Paris is a special place, a city the world associates with romance, culture, good times and the fine things of life. Isis (Islamic State), an entity all the world associates with savagery, supposedly in the name of religion, will relish every anguished and angry word written or spoken about its Friday night rampage in Paris. Its statement yesterday claimed the targets had been carefully chosen: the Stade de France during a football match between "crusader nations" France and Germany, a theatre "where hundreds of idolaters gathered for a concert of prostitution and vice", plus restaurants and nightlife in three districts.
It was all carried out, they say, by "eight brothers" equipped with assault rifles and suicide vests, in retaliation for France's participation in the war against their "caliphate" in Iraq and Syria. The caliphate has not been doing so well of late.

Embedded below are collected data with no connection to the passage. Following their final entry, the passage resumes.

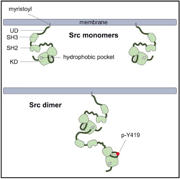 We are interested in understanding how, if at all, the functions of Src kinases are perturbed in human cancers. We believe that the mode of function of Src kinases is not well understood, and this has limited our ability to understand its mode of dysfunction in human cancers. We are studying how Src kinases select substrates, the temporal regulation of substrate selection, and the structural basis for substrate selection. In particular, since much of our understanding of the mode of regulation of Src comes from crystallographic studies, the role of the unstructured N-terminal unique domain of Src has been poorly understood. Recent evidence suggests that unstructured regions of proteins are critically involved in their regulation, and are particularly targeted by post-translational modifications. We have shown that although the Src unique domain mediates membrane binding, it also mediates Src dimerization, potentially creating a conformational landscape that can be regulated by post-translational modifications.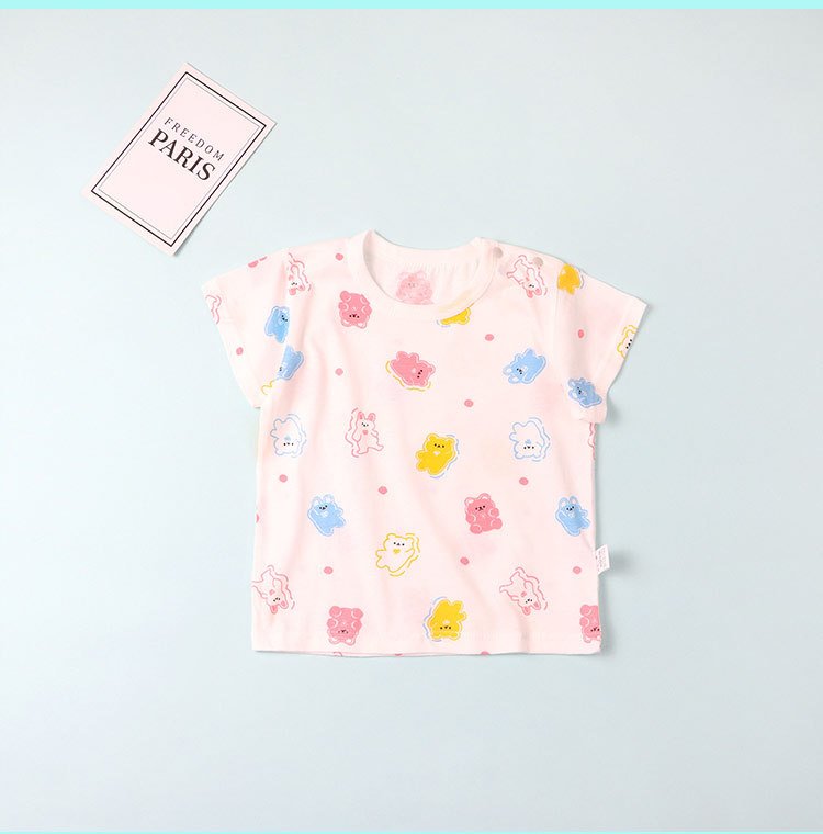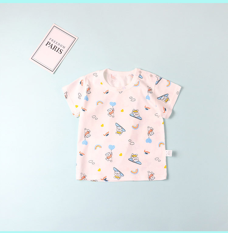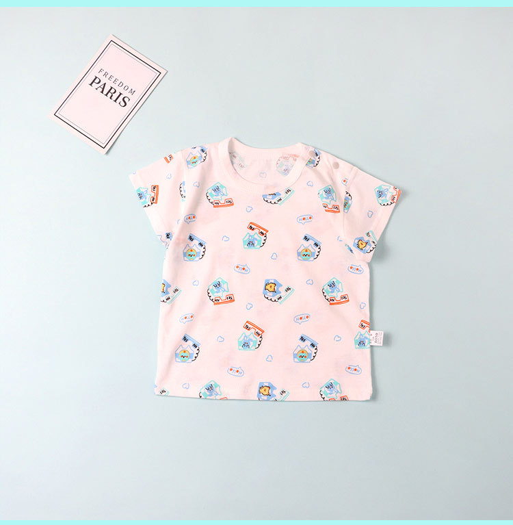 아기의 최고 여름 얇은 순수한 아기 0-3 세 크루 넥 어깨 버클 반팔 티셔츠 면 남자와 여자 아이들의 반소매 옷스토어 가기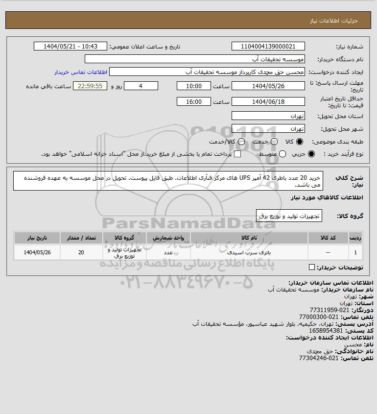 شرح کلی نیاز: خرید 20 عدد باطری 42 آمپر UPS های مرکز فنآری اطلاعات. طبق فایل پیوست.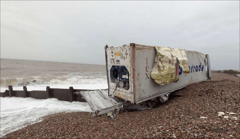 We will have to wait for the Marine Accident Investigation Board to understand the root cause of this container spillage, but a first indication has come from the vessel’s owner, Seatrade Group. In an early comment on the incident, the company’s spokesman, Cor Radings, stated that: “She started rolling while she was heading for Portsmouth on Saturday [6 December] and that resulted in the loss of 16 boxes, five of which are empty.”

Western air assistance has enabled Kurd and Shia militias to contain the expansion it needs for credibility on its own religious terms. Russia's air strikes in Syria, though targeted more broadly at enemies of the Assad regime, must be hurting Isis. Hence its downing of a Russian airliner over Sinai two weeks ago.
That was followed last week with a double suicide bombing in Beirut, killing 41 people. Isis' admission of responsibility for the Paris attack warns there will be more. It is a message all countries involved in the conflicts in Syria and Iraq will be taking seriously. Airlines and airports have been reviewing their security after what happened over Sinai. Likewise, the horror that Paris has experienced could happen in any city anywhere, including here.
It is not yet confirmed where all the gunmen in Paris came from, though one or two are thought to have entered Europe as refugees in the recent wave. But, sadly, they would not need to have come from the war zone. This sick, savage cult that claims Islamic justification is said to have an appeal to the misanthropes and malcontents who can be found in all societies at any time.